Dorm life

Rianna is a 25-year-old native New Yorker transplanted in Texas since she started 7th grade. She loves music, social media marketing, books, video games, and helping others. Rianna’s love of music and believing in other people’s gifts led her to change her college major from civil engineering to advertising. You can often find her serving at church, reading a sci-fi/fantasy series, or discussing causes and musicians she supports on Twitter (@HermioneTweeted).

You’re going to a four-year college. Do you want to live in a dorm/ on campus? If your thought after that question is “ew, why?” hear me out.

In my nine semesters (four and a half years) going to two different four-year universities, I lived in dorms the entire time (with the exception of 4 or more days of official school holiday breaks). I regret none of it.

For my first two years, I attended a university in Tennessee, and I wound up at an all-female dormitory my freshman year. On television, I had never seen that. I didn’t know what to expect really from that. I heard it was supposed to be haunted. (That became a running joke later.) First task from moving day: you picked up your door key and a box fan. There was no central cooling system in this building! With the exception of the lobby and the other part of the building which was a cafeteria, fans were your best friend. Of course, living in a dorm without AC also happened to be during a heatwave in this area of the country… highest numbers in 50 years or something. Often times, it was too hot to sleep comfortably in the room. Cots were available in the lobby the first month of school.
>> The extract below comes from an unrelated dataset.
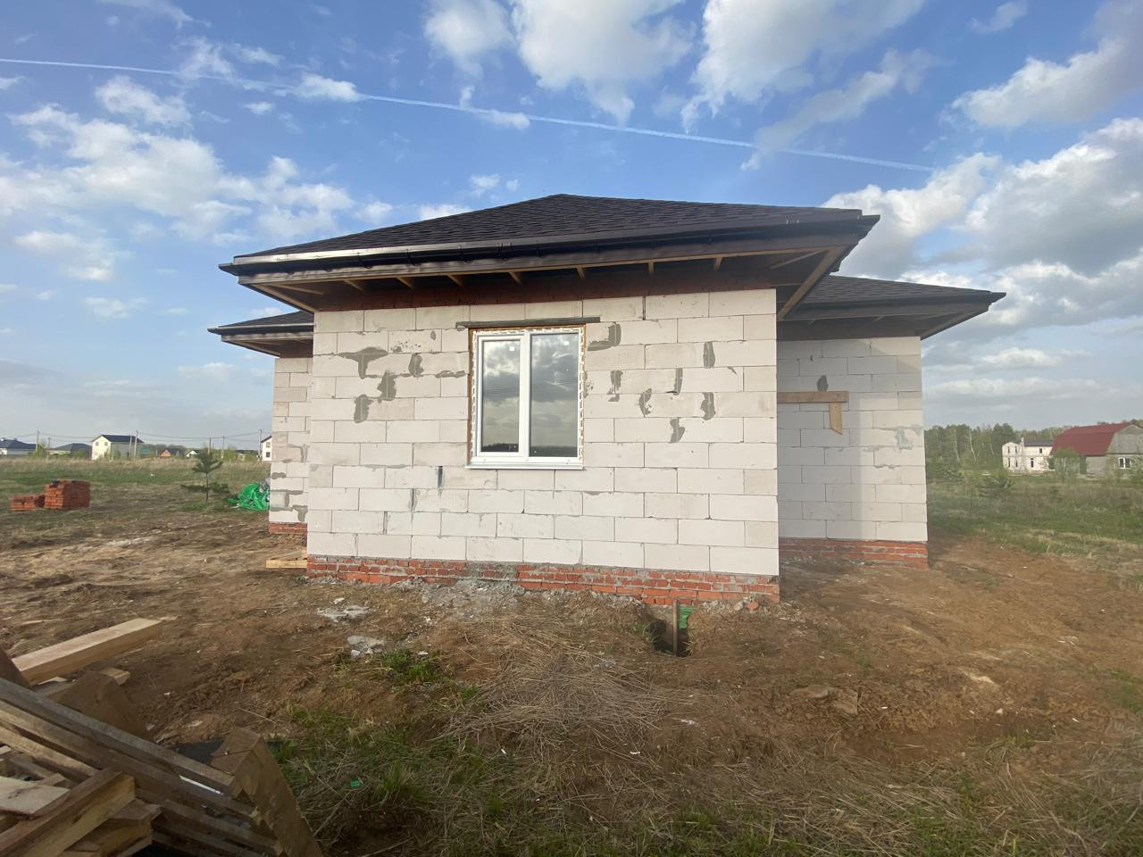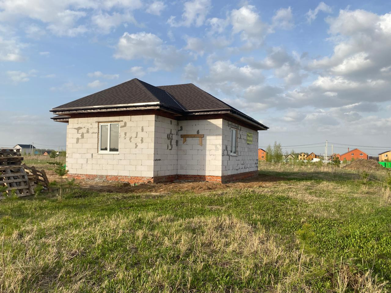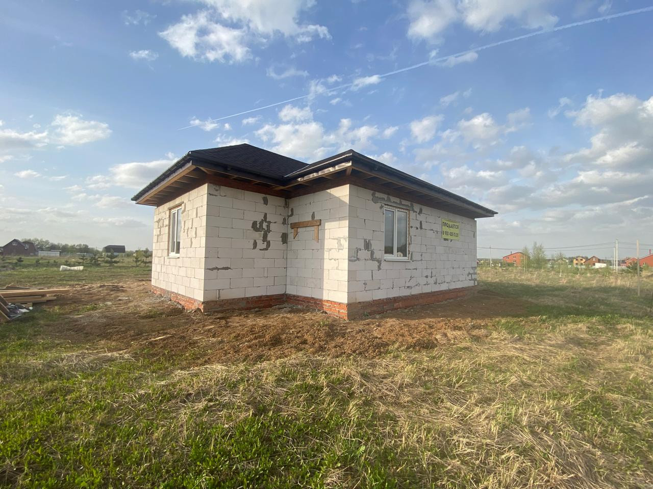 Продается новый дом в с. Матыра Луховицкого района. Дом блочный ( ширина 30 см) .Фундамент 40:110 заливной. Полы бетонная плита ( заливная). Цоколь кирпичный 40 .Крыша - мягкая черепица. 2 спальни, кухня -столовая, с/у  раздельный, терраса, холл. Участок 10 соток.

Add to that, there were 3.5 floors of dormitory rooms and one elevator. I don’t mean any standard elevator you’ve used ever. I mean I’m not exaggerating when I say this elevator was like the one from the Titanic movie. It had an iron grate that you had to pull open and hold open otherwise it slammed shut. When calling the elevator, you push the button, right? Well, make sure you’re ready to go when it gets to your floor because if you don’t pull open the grate and then the other wooden door to get out and someone else pushed the button on another floor, you’re going to meet that other person who just called it. Yes, there were several sets of stairs, but it’s already hot. The struggle was very real. What in the world did I sign up for? Cruel and unusual punishment? Am I really going to live here the whole school year?

Some girls moved out the first week; some moved out the second week. Others were essentially living at other friends’ dorm rooms or apartments. I was one of the stranded –wait—I mean loyal people who stayed actually living in the dorm. The lobby, which was basically a pretty big living room, was where 8-15 other girls and I really lived that first month of school. It was eating at that cafeteria, watching television and talking, or sleeping on the couches and cots every day. We only went to our rooms to shower/ change clothes, and get books for class.

Talk about bonding experience. Yes, we’re all in college, and most of us are living on a very small income. But add in those factors I described. You don’t (intentionally) pay for this kind of situational bonding. It’s like you’ve gone through trauma together. Our motto/ song became “only the strong survive.” In fact, that’s what went on our dorm t-shirts.

What I learned from that first year is that you have this impression of what something is or who someone is… and then you’re glad you were wrong. There are situations in life that you step into and think, “What in the world did I sign up for?” All the seemingly unpleasant aspects of the dorm were struggles that created awesome, fantastic memories and friendships. I wouldn’t trade any of that—from the alarm clocks on phones going off at different times and the one or two people who had to have something thrown at them so she’d wake up and go to class. Two of the girls who I bonded with in the lobby are still my best friends, even though we’re about twelve hundred miles away from each other.

So, let’s return to the initial question. “Do you want to live in a dorm/ on campus?” Can you manage not living on campus? It’s likely. On the completely logical side, you’re probably saving a fair amount living at home and commuting to and from class. But do you want to miss out on the possibly amazing, ridiculous memories and your potentially life-long best friends that await you at a dormitory? Choose wisely.